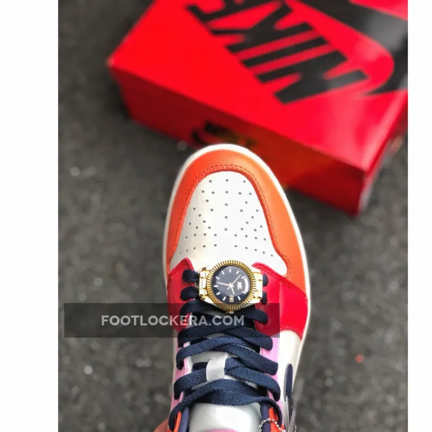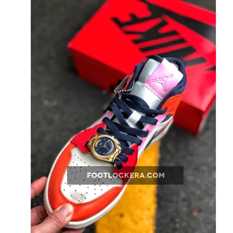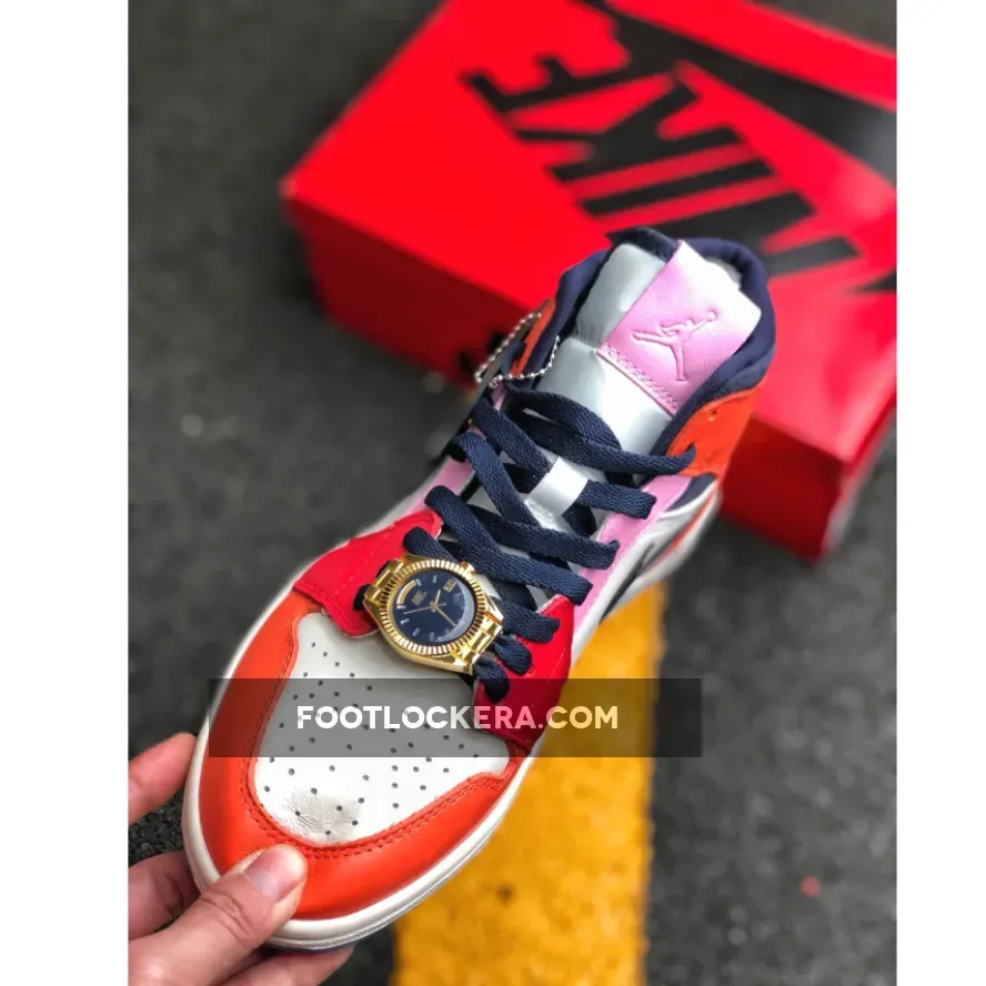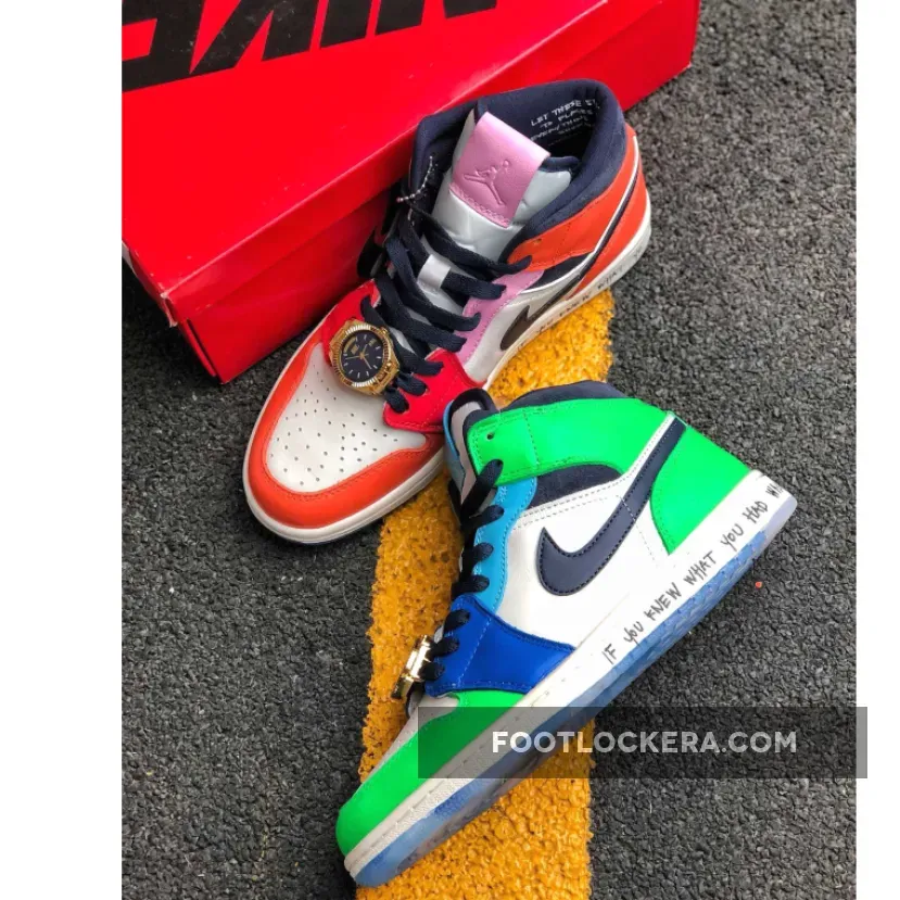 This womens Jordan 1 Mid SE is features a multicolor leather and neoprene upper. Right and left sneakers display a different set of color blocking, providing a feeling of individuality. Highlighted with text across the midsole, three sets of laces, and a watch lace jewel atop a translucent outsole completes the design. These sneakers released in November of 2019 and retailed for $130.
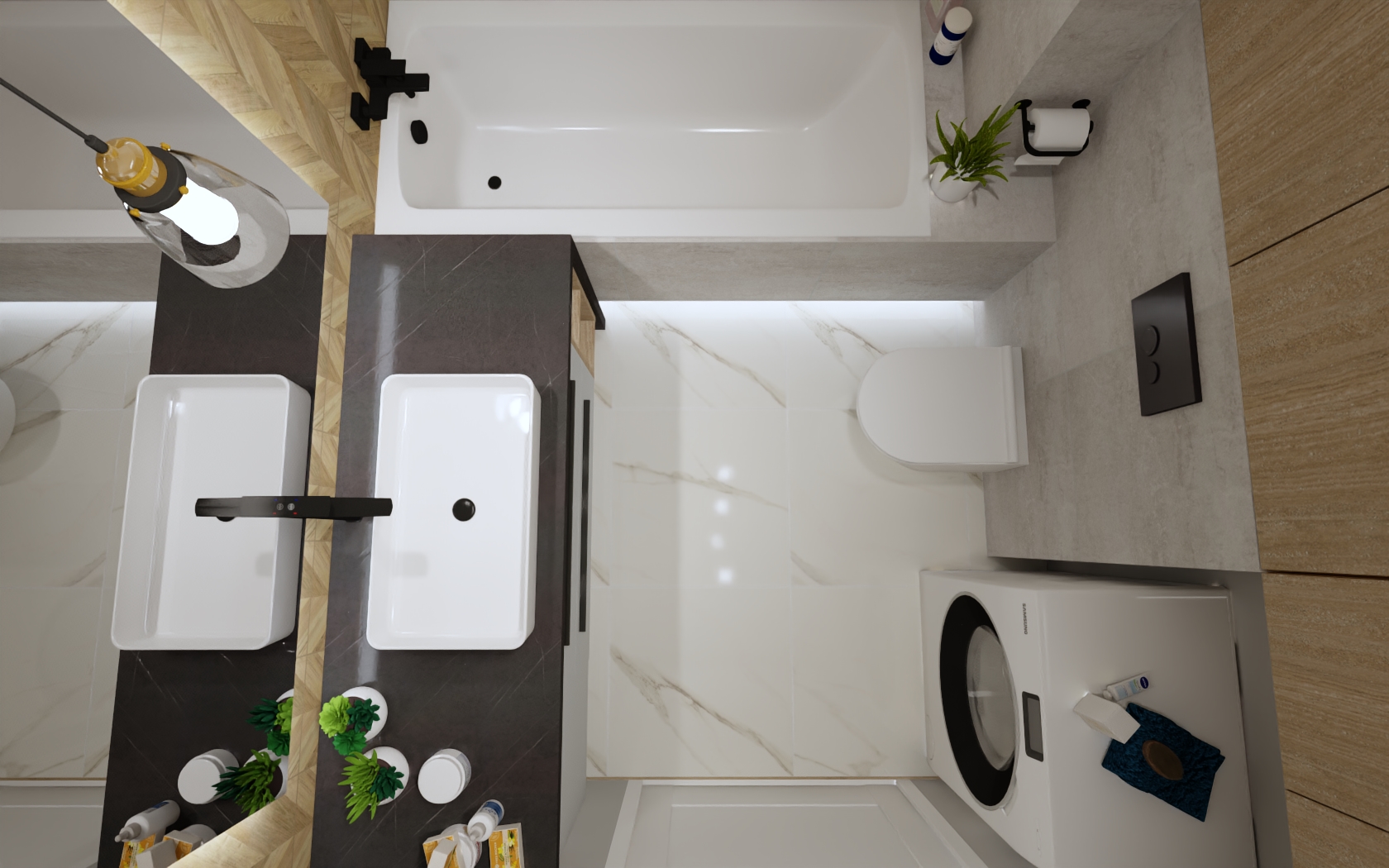 Na podłodze zostaną położone wysokij klasy panele oraz płytki .
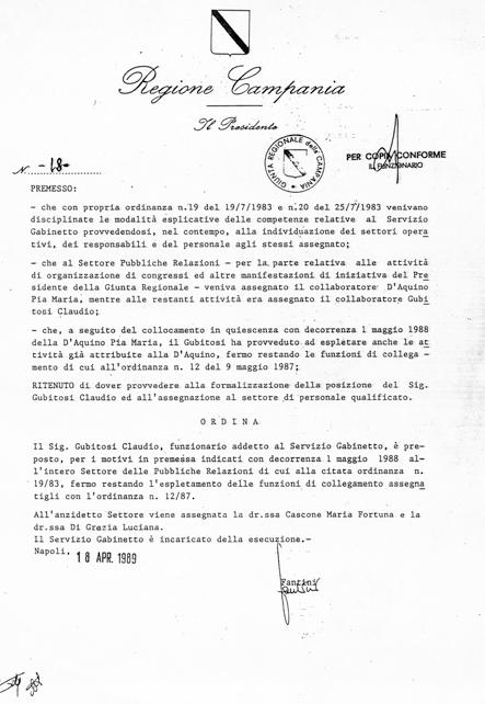 Dal 1980 al 1992 sono stato dipendente del Comune di Giffoni Valle Piana. Nel 1982, sono stato distaccato dal Comune alla Regione Campania dove, in qualità di funzionario, ho collaborato a numerosi progetti con l’Assessorato al Turismo diretto da Salvatore Armato e con l’Assessore alla Cultura Mario Sena. Con il mio impegno in Regione ho favorito il restauro del Complesso Monumentale San Francesco di Giffoni Valle Piana. Nel 1982 sono stato nominato Responsabile delle Pubbliche Relazioni della Presidenza della Giunta, incarico che ho mantenuto fino al 1990 realizzando, per la prima volta, l’Ufficio Pubbliche Relazioni della Regione Campania. Durante la mia permanenza in Regione ho sostenuto la creazione della Legge Regionale per l’istituzione della Cineteca della Campania. Questa norma ha visto la luce nel 1982 sulla base di un testo che ho elaborato. Un’altra iniziativa importante che ho portato avanti è la legge per la lettura del giornale in classe in tutte le scuole della Campania.
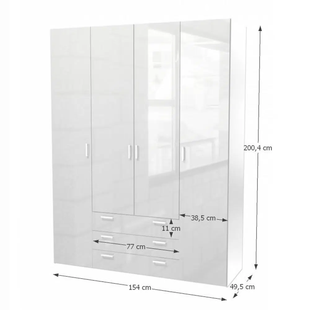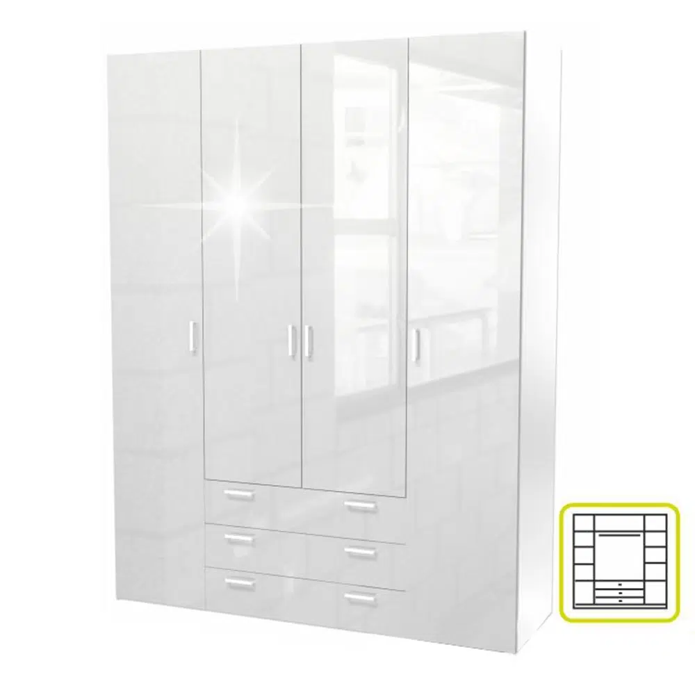 Dulap, 4 uşi, alb extra lucios HG, GWEN 70429
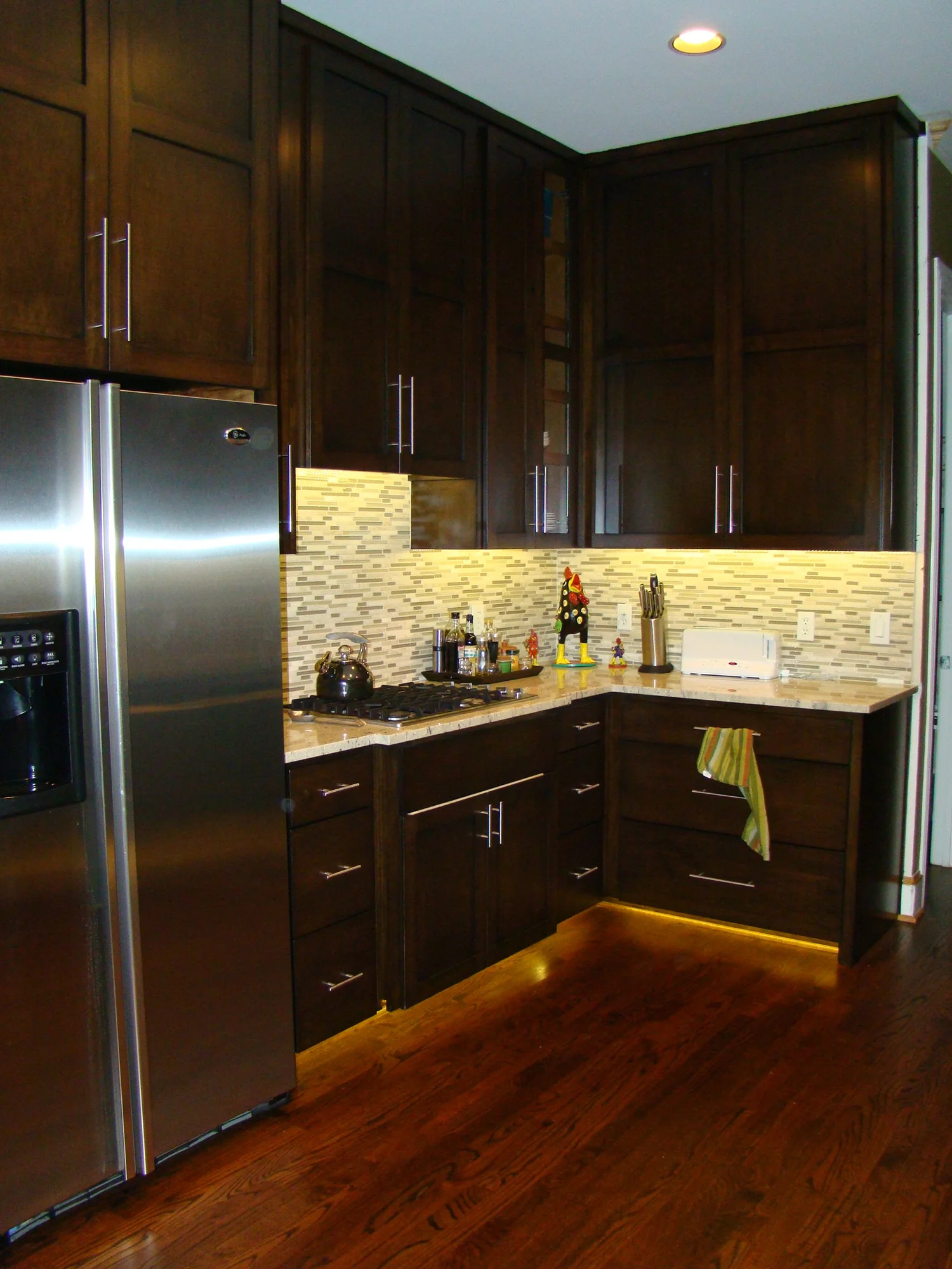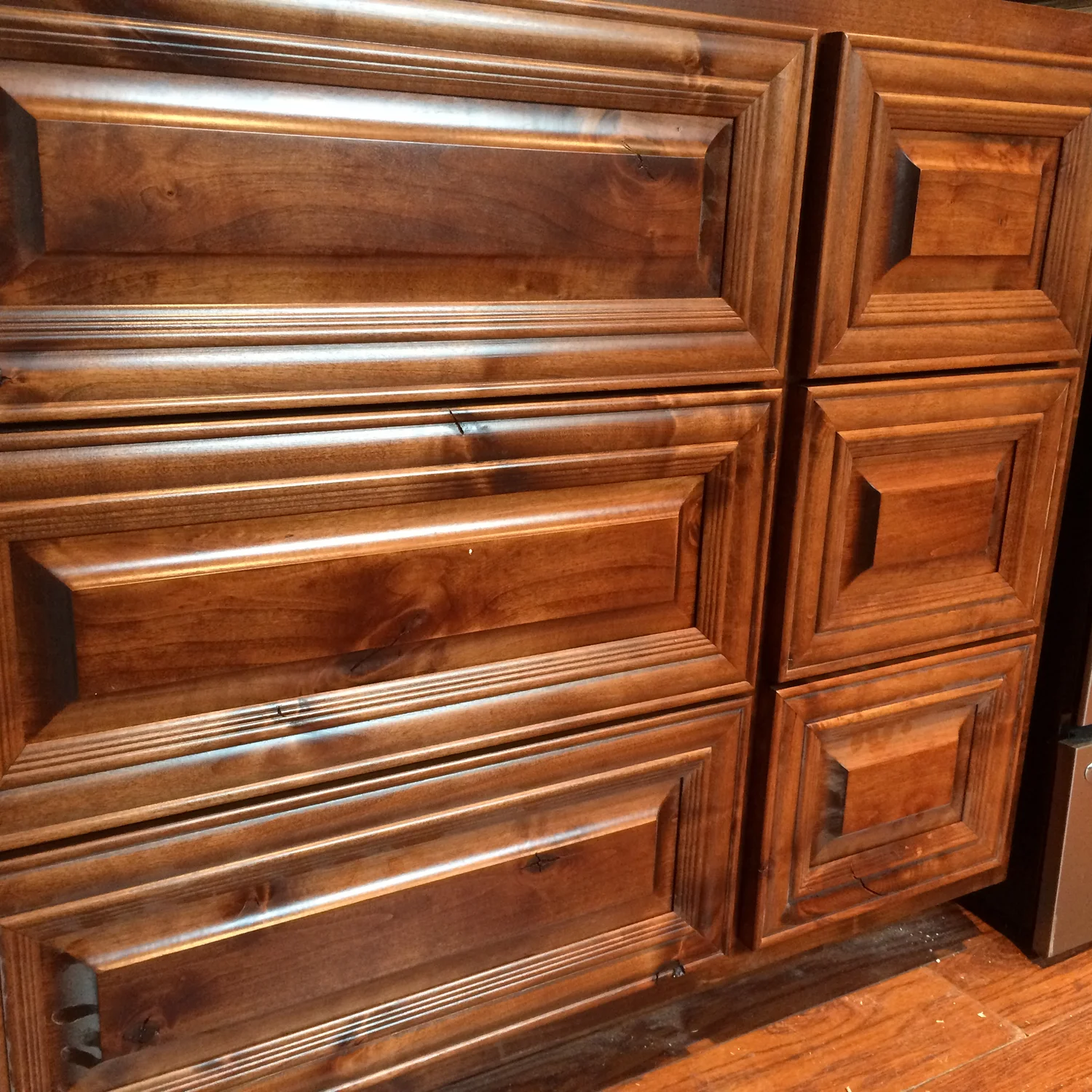 Contemporary stained knotty alder wet bar with wine refrigerator
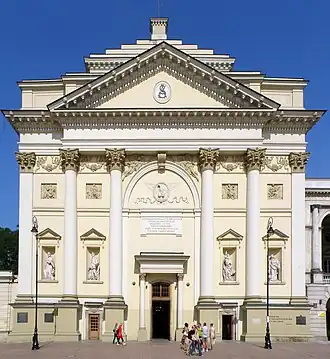 St. Anne's Church (Polish: Kościół św. Anny) is a Roman Catholic church in the historic center of Warsaw, Poland, adjacent to the Castle Square, at Krakowskie Przedmieście 68. It is one of Poland's most notable churches with a Neoclassical facade. The church ranks among Warsaw's oldest buildings. Over time, it has seen many reconstructions, resulting in its present-day appearance, unchanged since 1788. Currently it is the main church parish of the academic community in Warsaw.
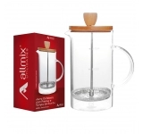 A Jarra Borossilicato Cafeteira Com Prensa 600ml com Tampa de Bambu é a solução perfeita para quem deseja um utensílio sofisticado e funcional. Seu material em borossilicato garante resistência ao calor e à variação de temperatura, tornando-a ideal para preparar e servir café com elegância. A tampa de bambu adiciona um toque de estilo natural, enquanto a prensa integrada proporciona um preparo eficiente e prático, ideal para o dia a dia ou para momentos especiais. A luva inclusa oferece ainda mais conforto e proteção durante o uso.
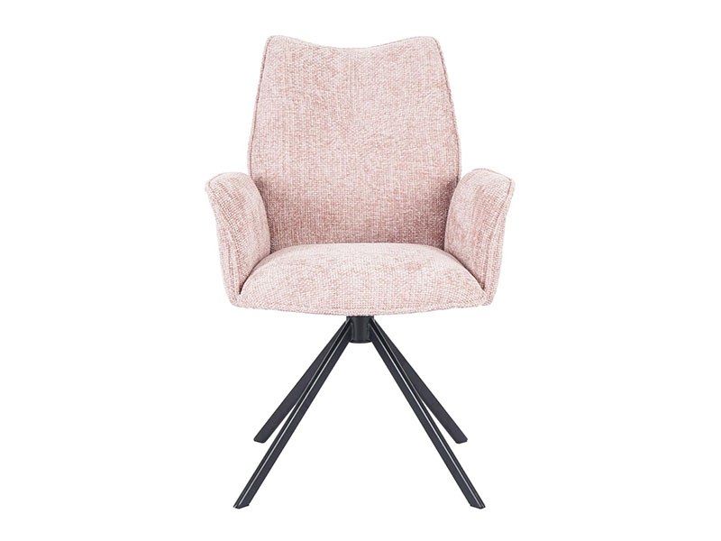 Dimensiones: 63 (ancho) x 62 (fondo) x 93 (alto) cm.MaterialesTapizada en tela de color rosa.Mecanismo giratorio 180º con retorno automático.Patas metálicas acabado en color negro.
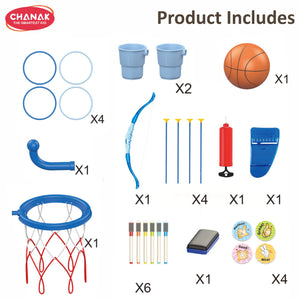 Chanak 4-In-1 Multi-Function Sketchpad & Sports Board Set, A Complete Entertainment And Learning Hub For Kids Aged 3 Years And Above. This Innovative Playset Features A Magnetic Drawing Board, Basketball Hoop, Ring Toss, And Archery Game, Ensuring Hours Of Engaging And Educational Fun. Children Can Freely Draw Or Write On The Erasable Whiteboard, Then Switch To Active Play With The Basketball Or Archery Set For An Exciting Break. The Detachable Trays Keep All Accessories Neatly Organized, Promoting Independence And Tidiness. Crafted From Non-Toxic, Durable Plastic, This Colorful Set Is Safe For Daily Play And Encourages Overall Growth — From Hand-Eye Coordination To Creative Imagination. A Perfect All-In-One Indoor Toy For Both Boys And Girls To Learn, Play, And Grow Through Fun
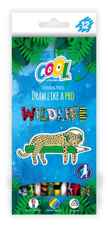 Színes ceruza készlet, háromszögletű, COOL BY VICTORIA "Wildlife", 12 különböző szín
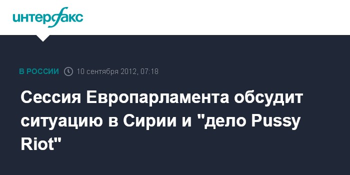 Страсбург. 10 сентября. INTERFAX.RU - Положение в Сирии и события в России, в том числе дело "Pussy Riot", будут в числе главных внешнеполитических тем дискуссии на открывающейся в понедельник в Страсбурге пленарной сессии Европарламента.
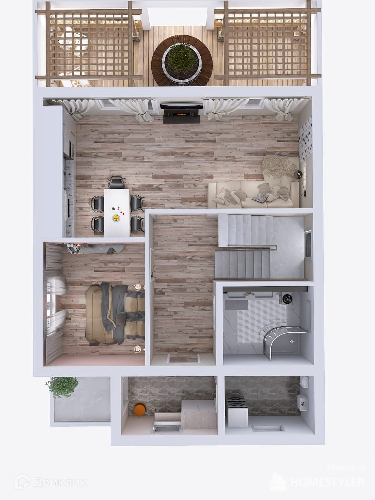 Изюминкой этого коттеджа является функциональная планировка с просторной кухней-гостиной, панорамным остеклением и выходом на большую террасу!

========================================

> _Your objective_
Pictures stay out. Print the lines of the records above exactly, from the first through the one with "Na podłodze zostaną".

> _Written solution_
 This womens Jordan 1 Mid SE is features a multicolor leather and neoprene upper. Right and left sneakers display a different set of color blocking, providing a feeling of individuality. Highlighted with text across the midsole, three sets of laces, and a watch lace jewel atop a translucent outsole completes the design. These sneakers released in November of 2019 and retailed for $130.
 Na podłodze zostaną położone wysokij klasy panele oraz płytki .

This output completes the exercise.